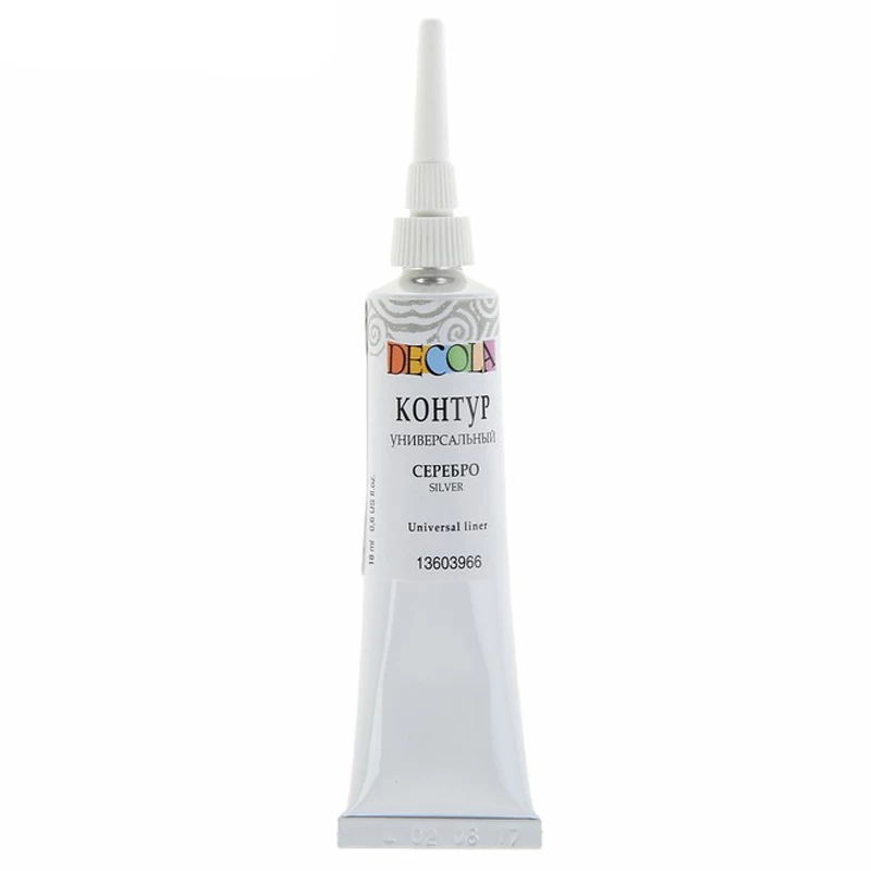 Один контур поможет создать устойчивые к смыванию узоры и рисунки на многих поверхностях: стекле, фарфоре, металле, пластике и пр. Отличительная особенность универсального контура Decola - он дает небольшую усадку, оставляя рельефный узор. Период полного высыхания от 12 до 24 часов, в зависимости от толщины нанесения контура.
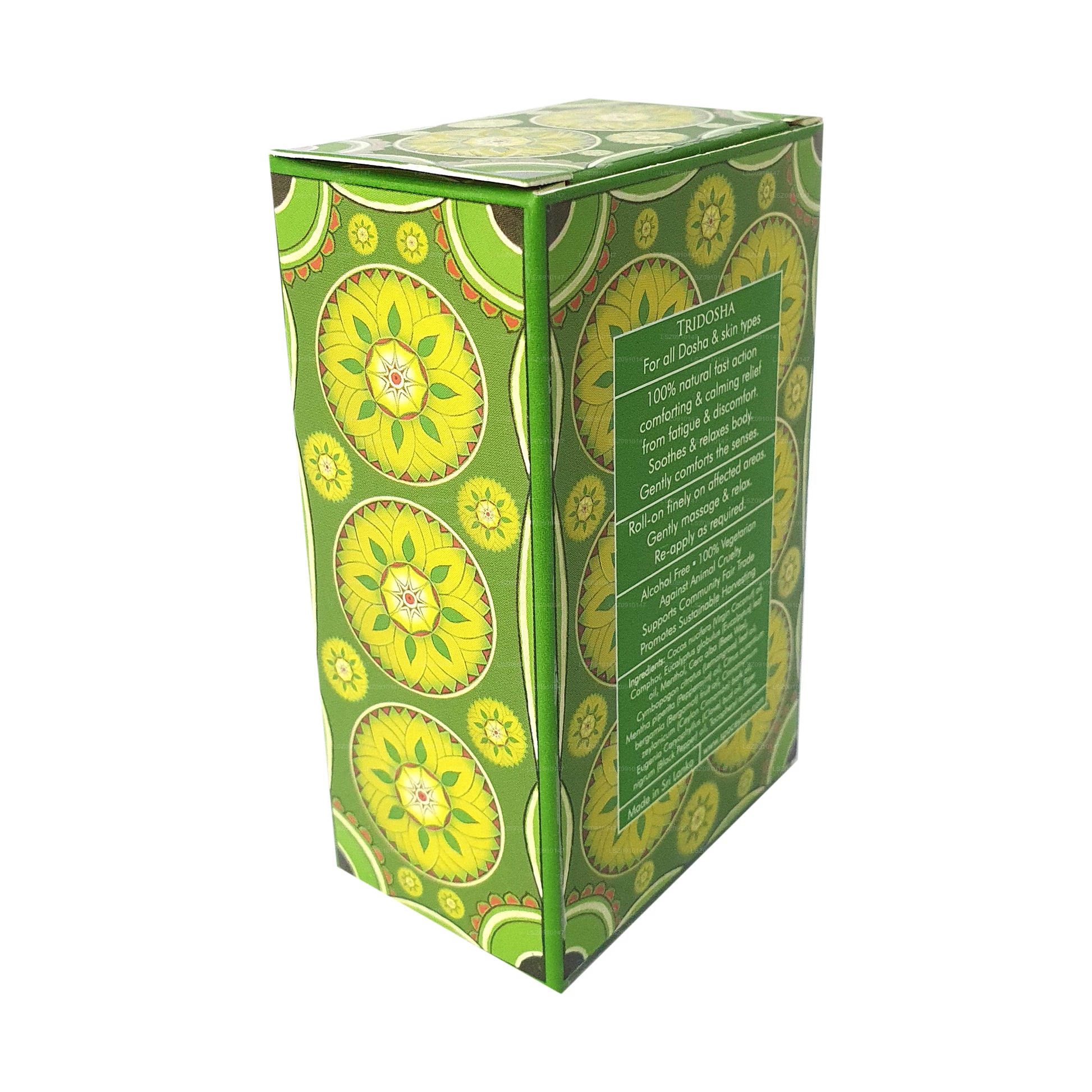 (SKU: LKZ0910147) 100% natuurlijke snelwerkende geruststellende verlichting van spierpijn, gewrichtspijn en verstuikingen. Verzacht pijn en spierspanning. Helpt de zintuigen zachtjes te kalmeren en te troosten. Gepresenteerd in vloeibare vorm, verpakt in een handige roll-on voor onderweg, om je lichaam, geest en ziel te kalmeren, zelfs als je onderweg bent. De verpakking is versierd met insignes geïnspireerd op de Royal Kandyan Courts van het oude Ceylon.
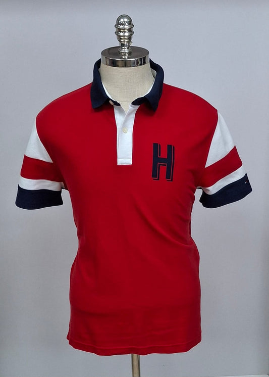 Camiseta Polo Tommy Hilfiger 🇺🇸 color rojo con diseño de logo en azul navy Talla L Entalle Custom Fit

What is being asked –
Where a picture appears in the listing above, skip it and set down all the rest exactly.

Result of this task –
 Один контур поможет создать устойчивые к смыванию узоры и рисунки на многих поверхностях: стекле, фарфоре, металле, пластике и пр. Отличительная особенность универсального контура Decola - он дает небольшую усадку, оставляя рельефный узор. Период полного высыхания от 12 до 24 часов, в зависимости от толщины нанесения контура.
 (SKU: LKZ0910147) 100% natuurlijke snelwerkende geruststellende verlichting van spierpijn, gewrichtspijn en verstuikingen. Verzacht pijn en spierspanning. Helpt de zintuigen zachtjes te kalmeren en te troosten. Gepresenteerd in vloeibare vorm, verpakt in een handige roll-on voor onderweg, om je lichaam, geest en ziel te kalmeren, zelfs als je onderweg bent. De verpakking is versierd met insignes geïnspireerd op de Royal Kandyan Courts van het oude Ceylon.
 Camiseta Polo Tommy Hilfiger 🇺🇸 color rojo con diseño de logo en azul navy Talla L Entalle Custom Fit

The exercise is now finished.